When firms move their data from in-house servers to the cloud, they can save money on maintaining IT infrastructure and storage. Hosting applications, information and networks on the cloud, typically through a third-party service at a much lower cost than a physical setup, also allows companies to quickly analyze and disseminate data, loop in partners and scale their technology needs to accommodate changing budget and business requirements.
But little empirical evidence exists of cloud computing’s impact on a firm’s economic and environmental record. Aiming to fill the gap, the authors surveyed 247 CEOs, managers and IT specialists at U.S.-based firms about the extent to which they used cloud computing. The companies operate in industries up and down the supply chain, including manufacturing, retail and distribution. The authors interviewed employees in multiple levels of the companies to get feedback on both big-picture financial returns and the hands-on experience of using cloud computing.

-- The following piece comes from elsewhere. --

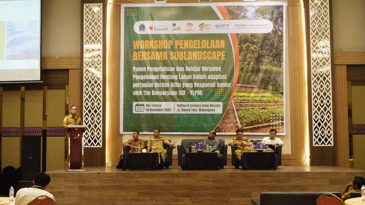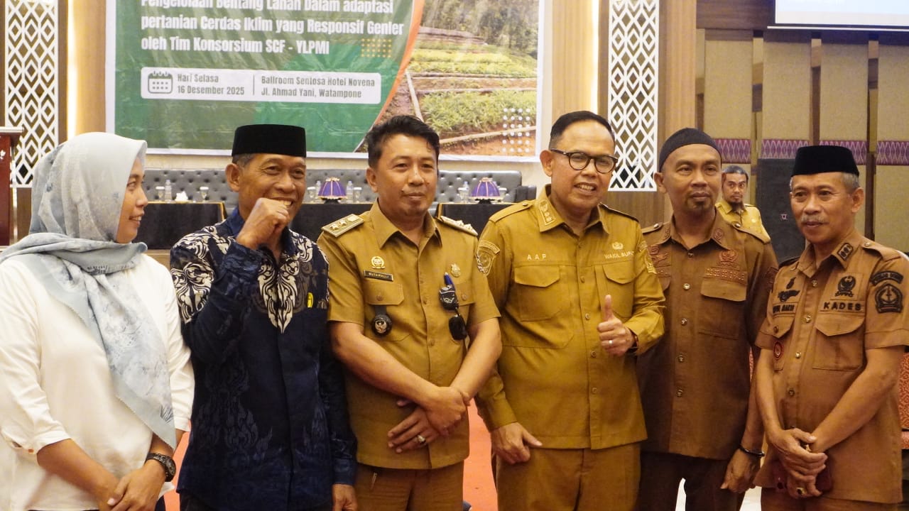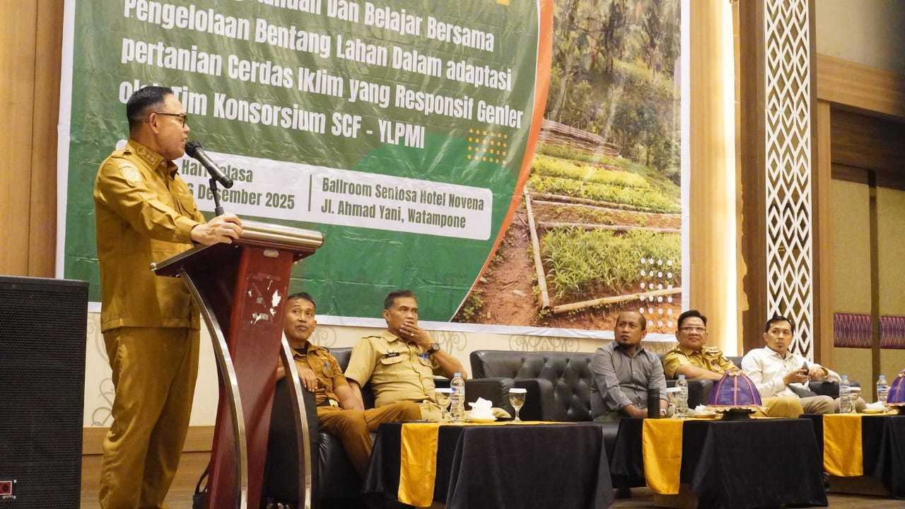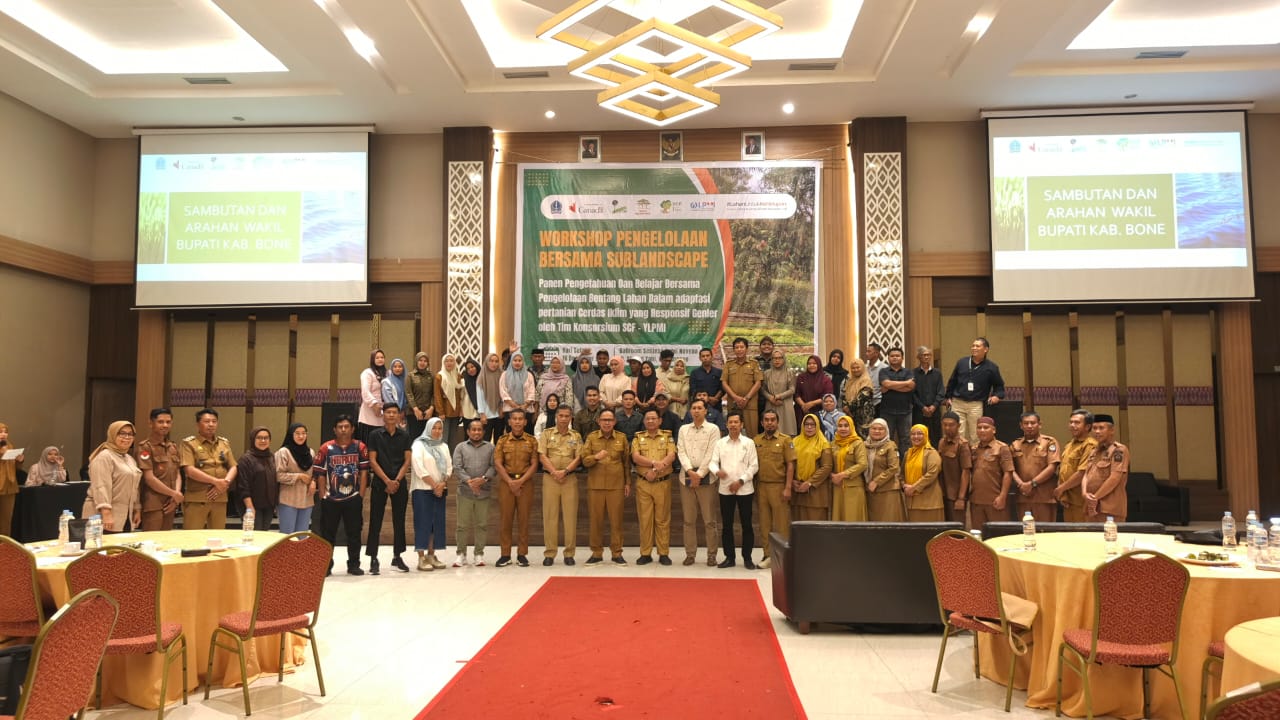 HumasBone — Wakil Bupati Bone, Dr. H. Andi Akmal Pasluddin, S.P., M.M., menghadiri Workshop Pengelolaan Bersama Sublandscape Panen Pengetahuan dan Belajar Bersama Pengelolaan Bentang Lahan dalam Adaptasi Pertanian Cerdas Iklim yang Responsif Gender, yang dilaksanakan oleh Tim Konsorsium SCF–YLPMI.

Because the costs of environmental initiatives are often cited as the biggest impediment to implementation, the authors sought to determine whether firms could balance the finances relating to their sustainability efforts via the cloud. They found that firms’ use of the cloud was associated with sales growth, operating earnings and improved return on assets and investments.
On the sustainability front, companies’ application of the cloud also typically led to reduced costs — firms spent less on materials, waste treatment and disposal, and they consumed less energy.